## EXERCISE OBJECTIVE
All of the data below should be set down again verbatim, without any images.

## SOURCE DATA
——————

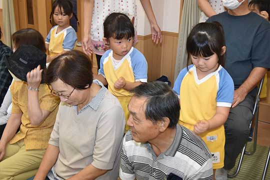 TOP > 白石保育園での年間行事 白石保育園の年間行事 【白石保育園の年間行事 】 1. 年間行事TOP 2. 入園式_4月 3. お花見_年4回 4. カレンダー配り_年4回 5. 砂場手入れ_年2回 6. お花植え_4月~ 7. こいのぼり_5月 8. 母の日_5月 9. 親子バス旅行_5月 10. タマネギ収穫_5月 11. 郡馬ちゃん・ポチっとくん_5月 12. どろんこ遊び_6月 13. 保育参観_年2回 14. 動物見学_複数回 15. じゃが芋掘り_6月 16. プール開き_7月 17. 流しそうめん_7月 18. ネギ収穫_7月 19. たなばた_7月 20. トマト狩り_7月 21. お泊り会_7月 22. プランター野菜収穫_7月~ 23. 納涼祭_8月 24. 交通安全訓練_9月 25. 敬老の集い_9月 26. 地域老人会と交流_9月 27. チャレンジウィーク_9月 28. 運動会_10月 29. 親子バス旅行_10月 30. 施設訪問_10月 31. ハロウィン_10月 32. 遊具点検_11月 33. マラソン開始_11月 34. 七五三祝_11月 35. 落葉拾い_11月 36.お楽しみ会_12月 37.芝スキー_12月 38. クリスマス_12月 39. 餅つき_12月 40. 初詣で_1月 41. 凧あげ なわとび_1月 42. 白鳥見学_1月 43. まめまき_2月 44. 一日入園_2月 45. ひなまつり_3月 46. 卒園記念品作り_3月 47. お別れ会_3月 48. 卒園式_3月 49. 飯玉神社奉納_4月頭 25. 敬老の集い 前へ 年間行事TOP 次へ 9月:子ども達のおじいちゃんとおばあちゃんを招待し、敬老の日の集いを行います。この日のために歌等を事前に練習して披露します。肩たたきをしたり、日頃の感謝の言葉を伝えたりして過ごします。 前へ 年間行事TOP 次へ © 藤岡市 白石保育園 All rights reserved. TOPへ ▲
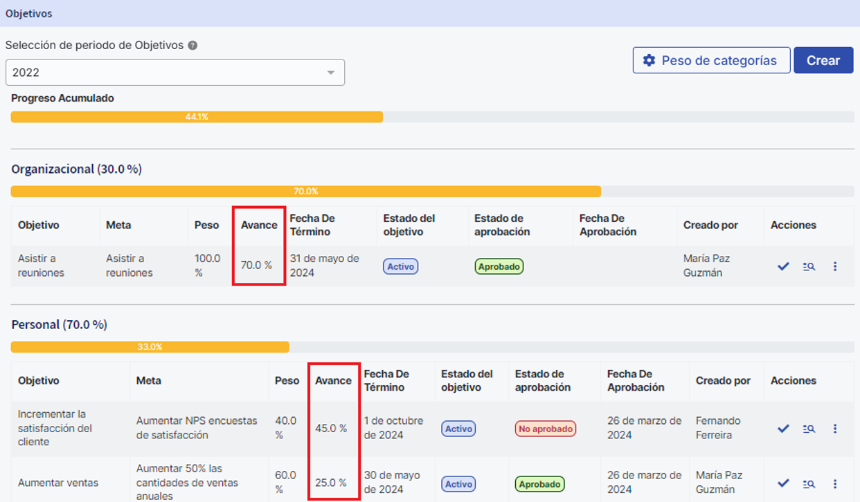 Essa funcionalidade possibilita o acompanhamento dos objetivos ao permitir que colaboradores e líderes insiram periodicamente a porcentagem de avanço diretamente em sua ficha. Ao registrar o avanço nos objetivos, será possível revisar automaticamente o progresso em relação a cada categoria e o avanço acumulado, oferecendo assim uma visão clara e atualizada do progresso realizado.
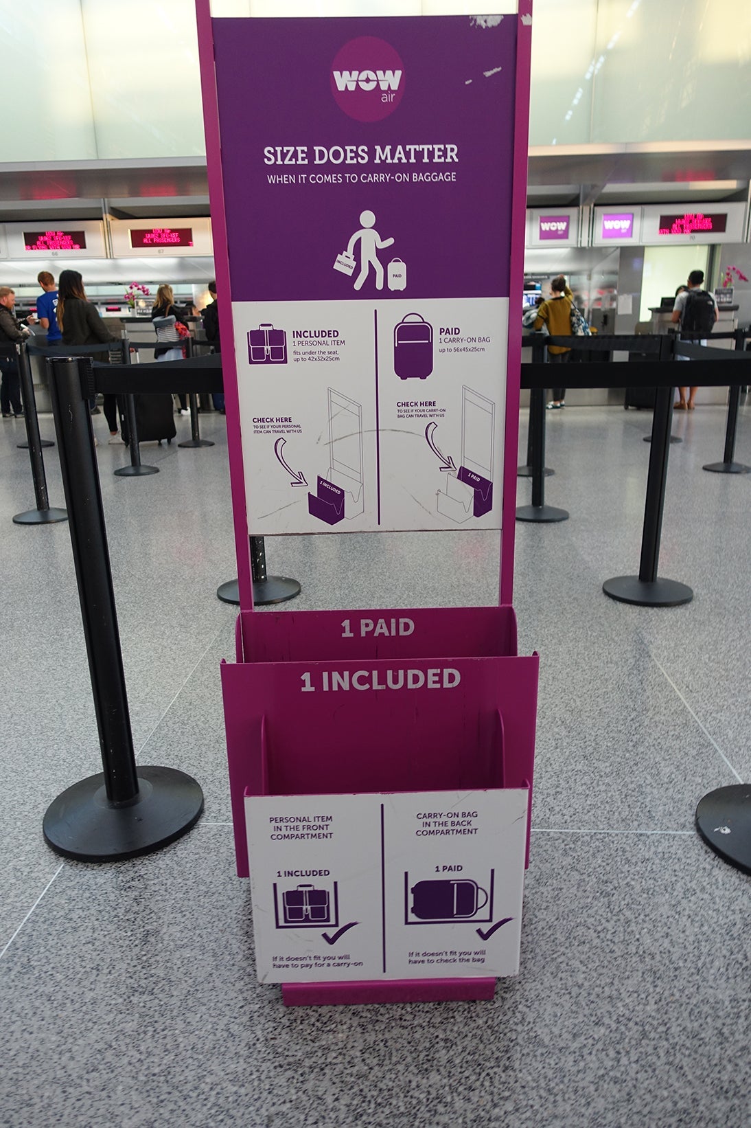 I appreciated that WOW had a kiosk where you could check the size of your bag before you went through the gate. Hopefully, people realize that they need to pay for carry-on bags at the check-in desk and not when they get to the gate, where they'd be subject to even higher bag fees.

——————

## TASK OUTPUT
 TOP > 白石保育園での年間行事 白石保育園の年間行事 【白石保育園の年間行事 】 1. 年間行事TOP 2. 入園式_4月 3. お花見_年4回 4. カレンダー配り_年4回 5. 砂場手入れ_年2回 6. お花植え_4月~ 7. こいのぼり_5月 8. 母の日_5月 9. 親子バス旅行_5月 10. タマネギ収穫_5月 11. 郡馬ちゃん・ポチっとくん_5月 12. どろんこ遊び_6月 13. 保育参観_年2回 14. 動物見学_複数回 15. じゃが芋掘り_6月 16. プール開き_7月 17. 流しそうめん_7月 18. ネギ収穫_7月 19. たなばた_7月 20. トマト狩り_7月 21. お泊り会_7月 22. プランター野菜収穫_7月~ 23. 納涼祭_8月 24. 交通安全訓練_9月 25. 敬老の集い_9月 26. 地域老人会と交流_9月 27. チャレンジウィーク_9月 28. 運動会_10月 29. 親子バス旅行_10月 30. 施設訪問_10月 31. ハロウィン_10月 32. 遊具点検_11月 33. マラソン開始_11月 34. 七五三祝_11月 35. 落葉拾い_11月 36.お楽しみ会_12月 37.芝スキー_12月 38. クリスマス_12月 39. 餅つき_12月 40. 初詣で_1月 41. 凧あげ なわとび_1月 42. 白鳥見学_1月 43. まめまき_2月 44. 一日入園_2月 45. ひなまつり_3月 46. 卒園記念品作り_3月 47. お別れ会_3月 48. 卒園式_3月 49. 飯玉神社奉納_4月頭 25. 敬老の集い 前へ 年間行事TOP 次へ 9月:子ども達のおじいちゃんとおばあちゃんを招待し、敬老の日の集いを行います。この日のために歌等を事前に練習して披露します。肩たたきをしたり、日頃の感謝の言葉を伝えたりして過ごします。 前へ 年間行事TOP 次へ © 藤岡市 白石保育園 All rights reserved. TOPへ ▲
 Essa funcionalidade possibilita o acompanhamento dos objetivos ao permitir que colaboradores e líderes insiram periodicamente a porcentagem de avanço diretamente em sua ficha. Ao registrar o avanço nos objetivos, será possível revisar automaticamente o progresso em relação a cada categoria e o avanço acumulado, oferecendo assim uma visão clara e atualizada do progresso realizado.
 I appreciated that WOW had a kiosk where you could check the size of your bag before you went through the gate. Hopefully, people realize that they need to pay for carry-on bags at the check-in desk and not when they get to the gate, where they'd be subject to even higher bag fees.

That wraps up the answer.